Was ist mit der Bahn wirklich los? Warum überraschen Hitze, Kälte, Eis und Schnee und der Zustand der Bistrowagen Züge wie Personal jedesmal von Neuem? Wieso kann für eine dreiköpfige Familie eine harmlose Fahrt mit Gepäck und Umsteigen nach wie vor der Horror sein? Und helfen Kälteschutzkleidung, Brackwasserfilter und Notvorräte, das Schlimmste zu verhindern? Schluss mit lustig: Nicht nur Stuttgart 21, sondern die ganze Deutsche Bahn muss in den Stresstest.
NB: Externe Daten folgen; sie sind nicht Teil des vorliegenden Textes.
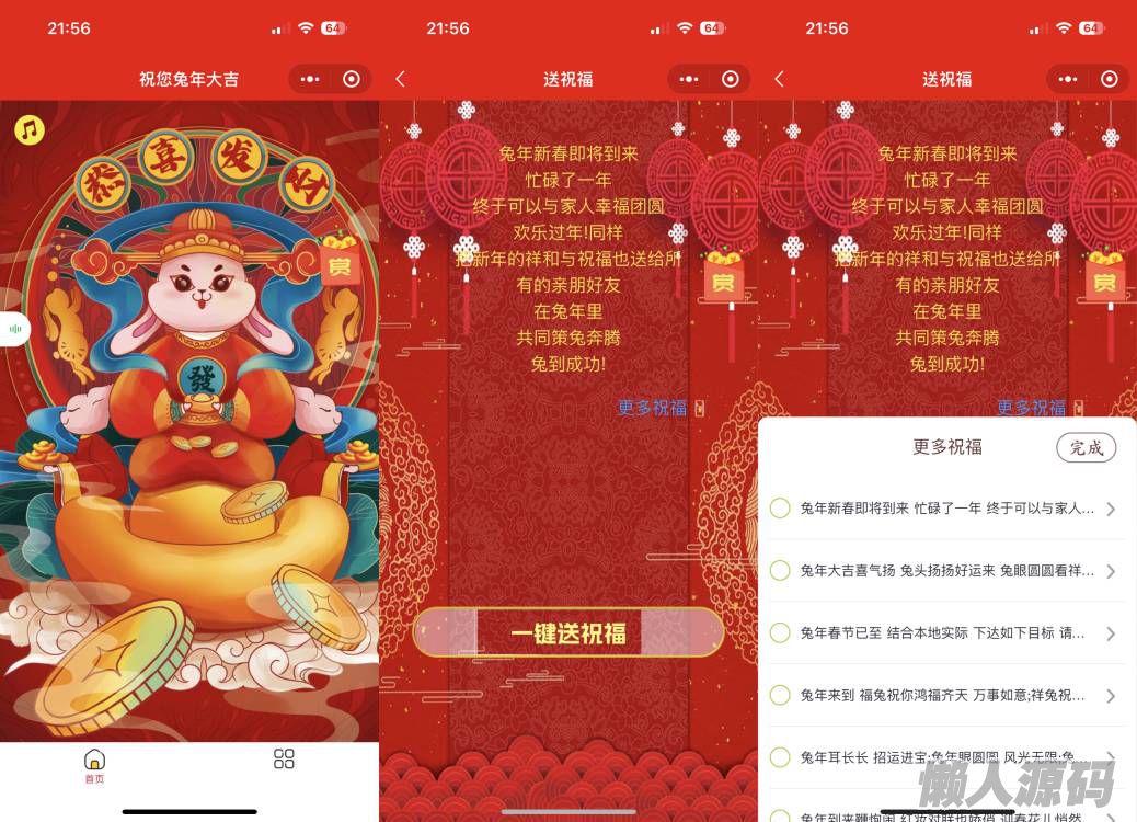 懒人源码 » 2023新年送祝福微信小程序源码下载 支持流量主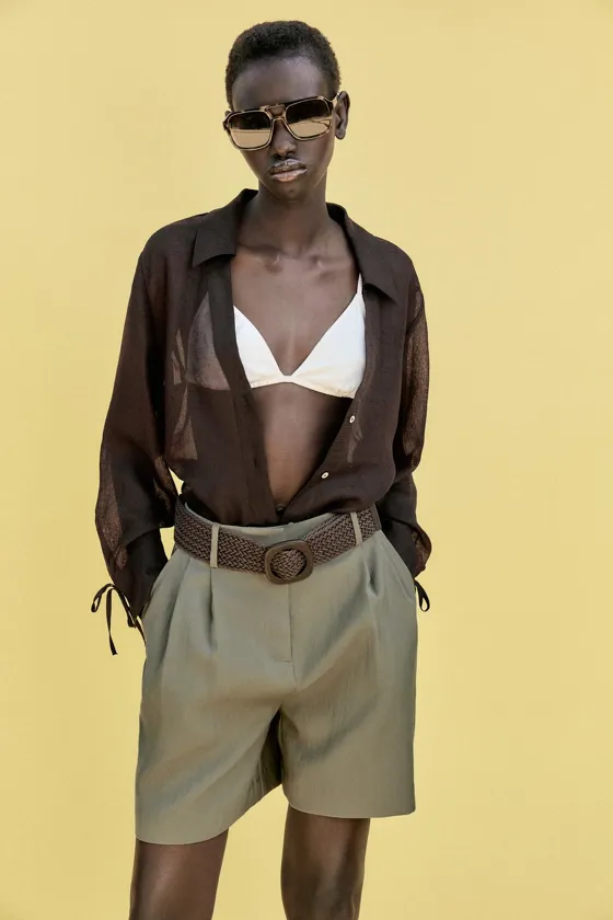 Шорты с ремнем и защипами Khaki | 8372/444/505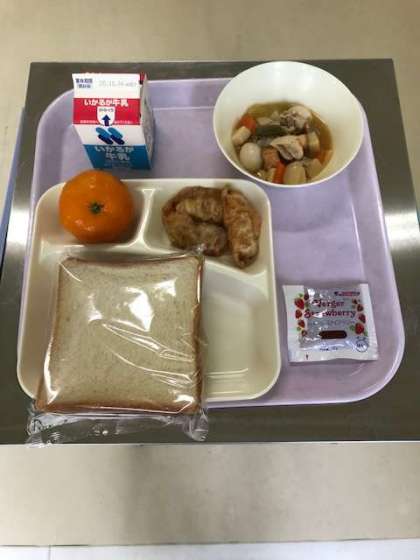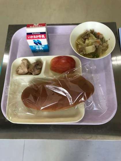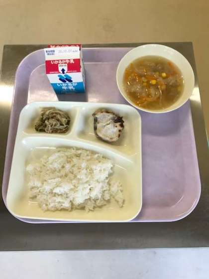 10月1日(木)*中 ごはん 牛乳 ウインナーと野菜のスープ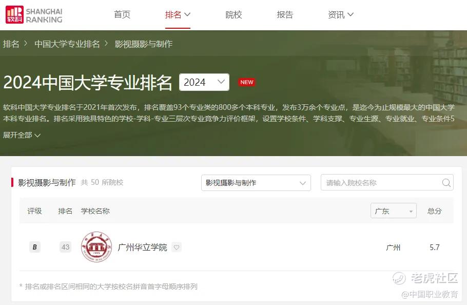 近期,2024软科中国大学专业排名榜新鲜出炉,中国职业教育控股有限公司(「公司」,股票代码:1756.HK)旗下广州华立学院(「华立学院」)传媒与艺术设计学院的影视摄影与制作专业喜获“B”级的好成绩, 在广东省排名第二,仅次于广州美术学院。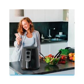 Fritadeira elétrica sem óleo com 3 funções: assar, fritar e descongelar. Possui timer de até 30 minutos e ajuste de temperatura de 80 a 200 °C., Fritadeira elétrica sem óleo com 3 funções: assar, fritar e descongelar. Possui timer de até 30 minutos e ajuste de temperatura de 80 a 200 °C.Porta-fio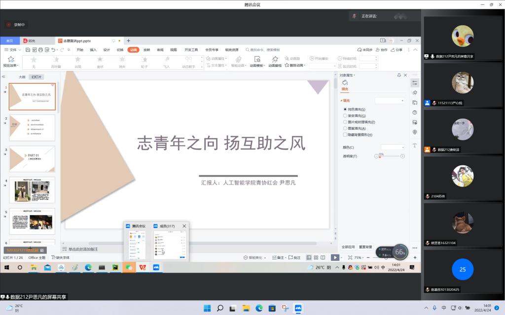 团委监察部线上召开高级团校培训之“志青年之向,扬互助之风”志愿经验分享讲座。此次活动面向全校同学展开,校团委青年发展部副部长万洋波、暑假志愿活动优秀学生叶恩以及院青协红会干事尹思凡出席本次讲座。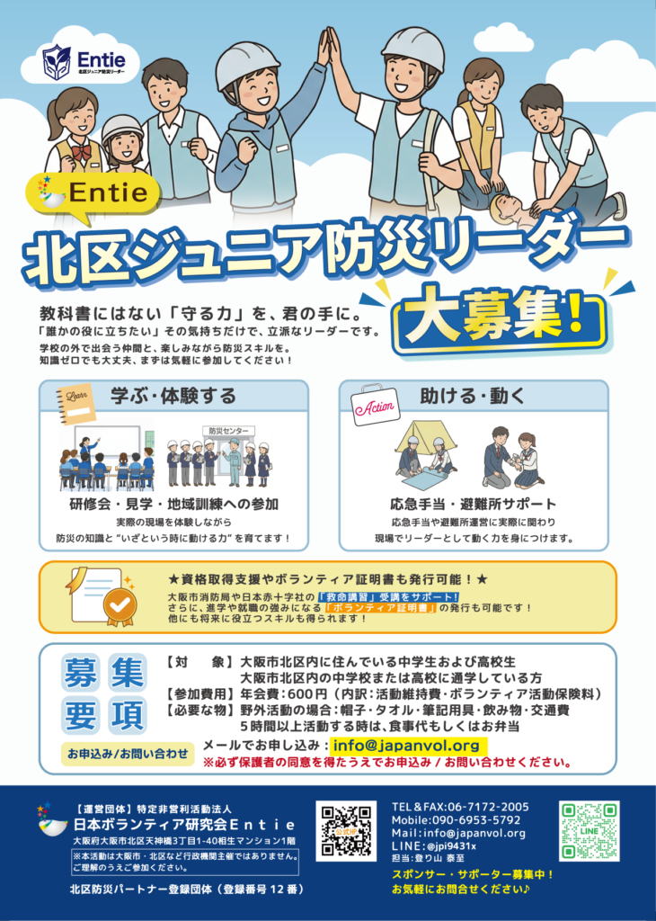 Entieは、北区防災パートナー登録団体です。(登録番号12番)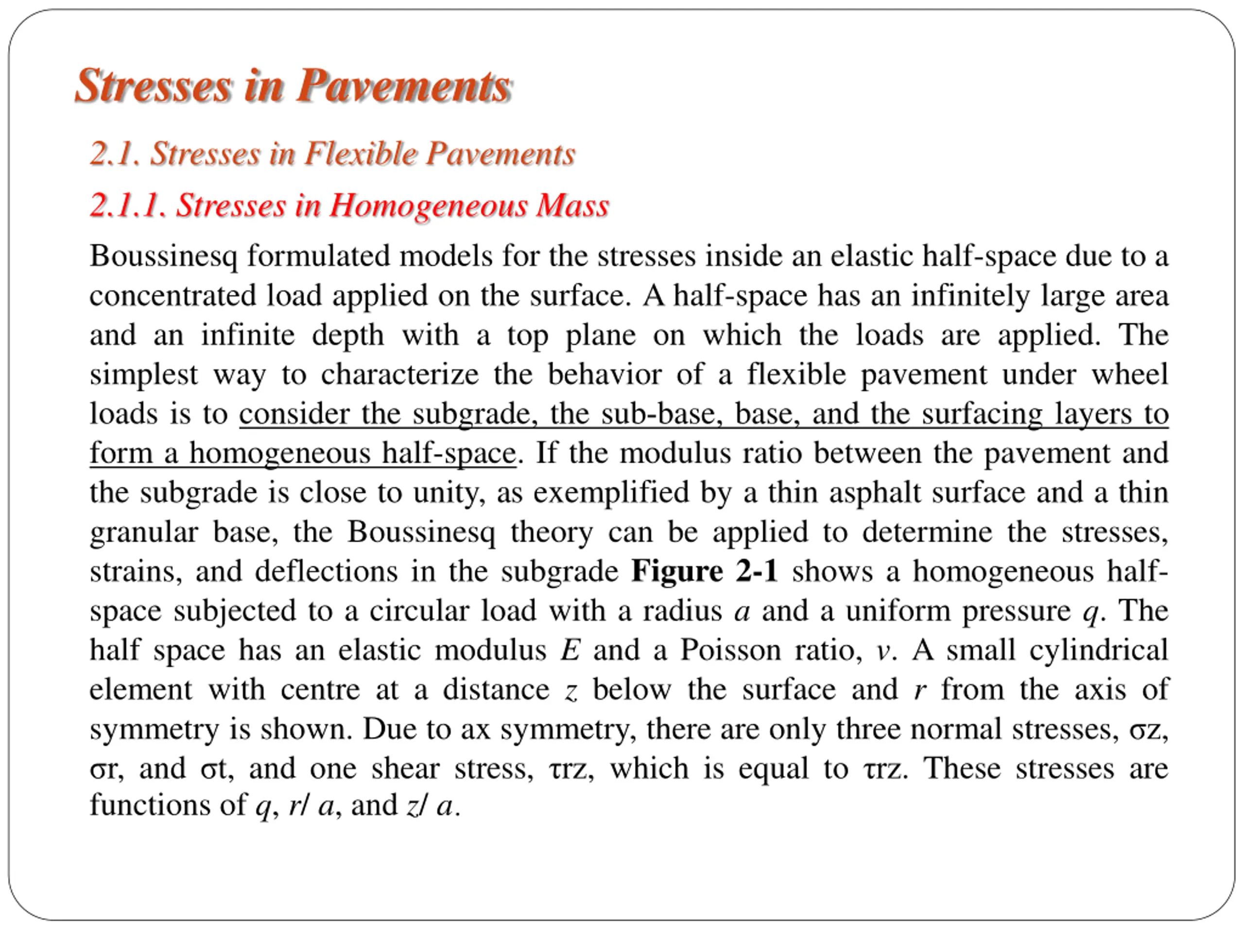 Stresses in Pavements 2.1. Stresses in Flexible Pavements 2.1.1. Stresses in Homogeneous Mass Boussinesq formulated models for the stresses inside an elastic half-space due to a concentrated load applied on the surface. A half-space has an infinitely large area and an infinite depth with a top plane on which the loads are applied. The simplest way to characterize the behavior of a flexible pavement under wheel loads is to consider the subgrade, the sub-base, base, and the surfacing layers to form a homogeneous half-space. If the modulus ratio between the pavement and the subgrade is close to unity, as exemplified by a thin asphalt surface and a thin granular base, the Boussinesq theory can be applied to determine the stresses, strains, and deflections in the subgrade Figure 2-1 shows a homogeneous half- space subjected to a circular load with a radius a and a uniform pressure q. The half space has an elastic modulus E and a Poisson ratio, v. A small cylindrical element with centre at a distance z below the surface and r from the axis of symmetry is shown. Due to ax symmetry, there are only three normal stresses, z, r, and t, and one shear stress, rz, which is equal to rz. These stresses are functions of q, r/ a, and z/ a.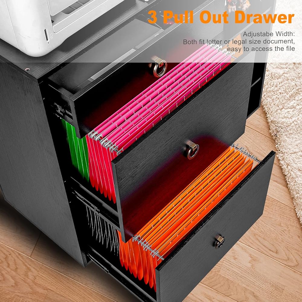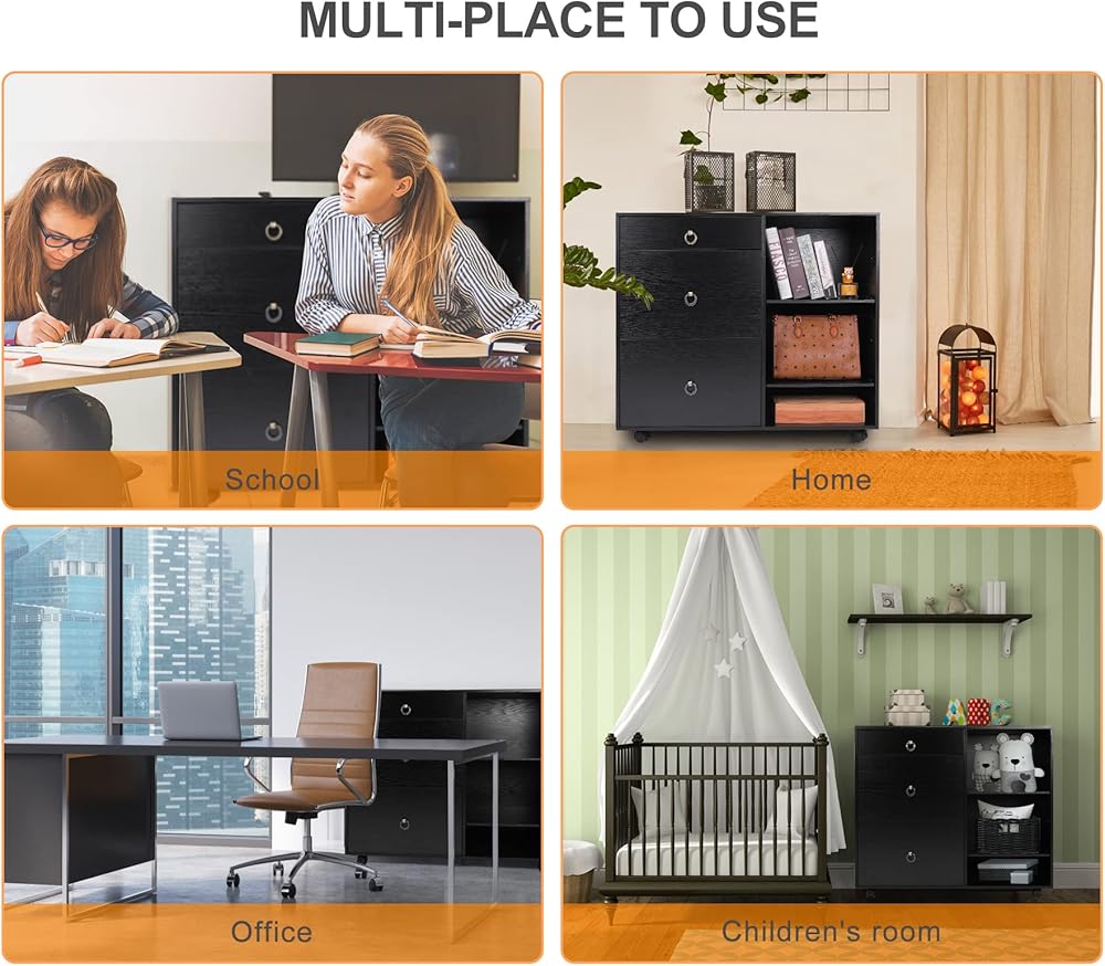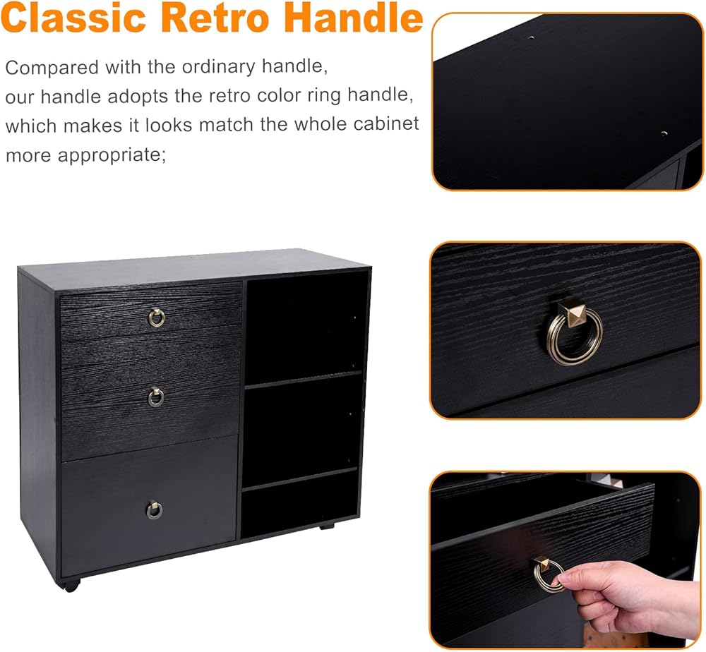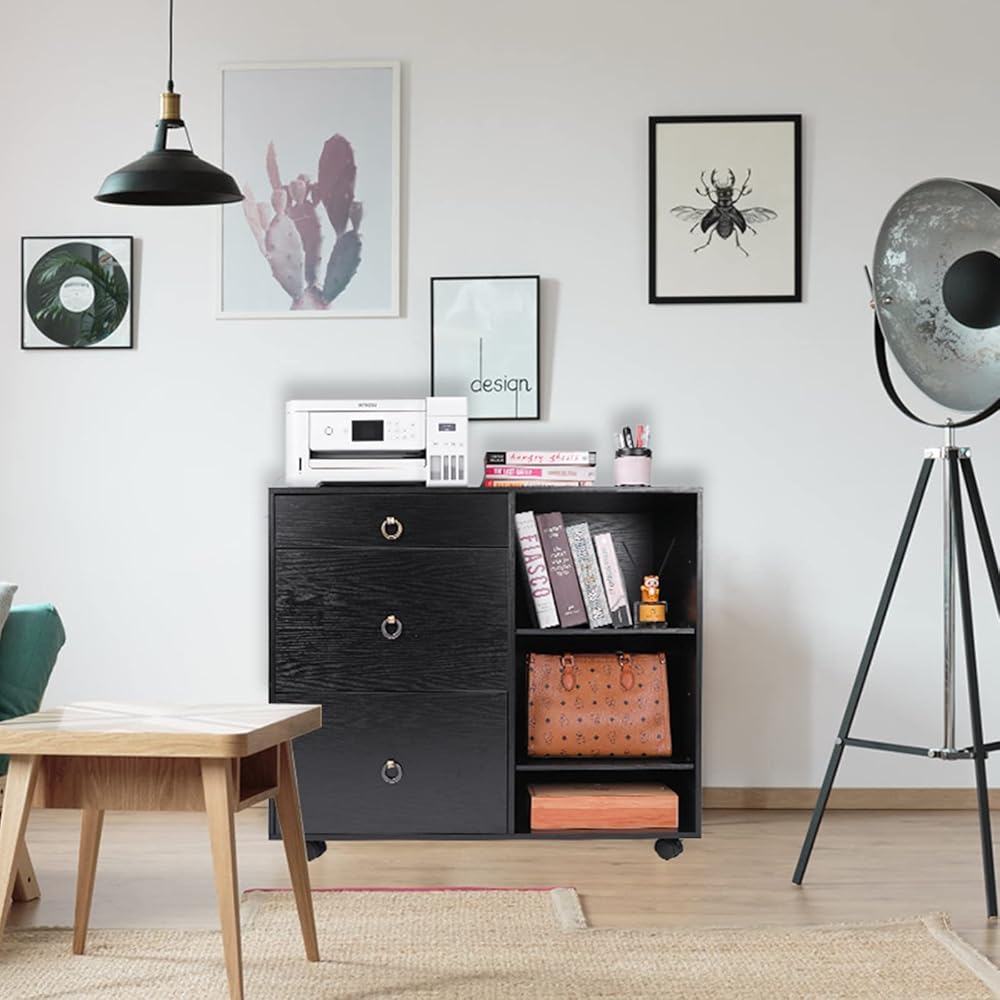 Multiple Storage Options: This filing cabinet with 2 open storage spaces shelf , 2 file drawers to keep the office machines, paper, files and suppliers organized and 1 storage cabinet for letter-size hanging file folders

Die beiden ausgewiesenen Experten und Bestsellerautoren Lutz Schumacher und Mark Spörrle stellen Deutschlands meistgeliebtgehasstes Transportunternehmen erneut auf den Prüfstand. Präsentieren unglaubliche, aber wahre Erlebnisse von Bahnfahrern. Und sie erklären uns auf ebenso fachkundige wie satirisch-witzige Weise, weshalb wir als Reisende doch immer wieder selber schuld sind an unserem Unglück!



Lutz Schumacher ist Journalist, Autor und Geschäftsführer der Tageszeitungsgruppe Nordkurier in Mecklenburg Vorpommern. Zuvor war er u. a. tätig bei den Ruhr Nachrichten, dem Deutschen Depeschendienst, in der ProSieben Media AG und beim Deutschlandfunk.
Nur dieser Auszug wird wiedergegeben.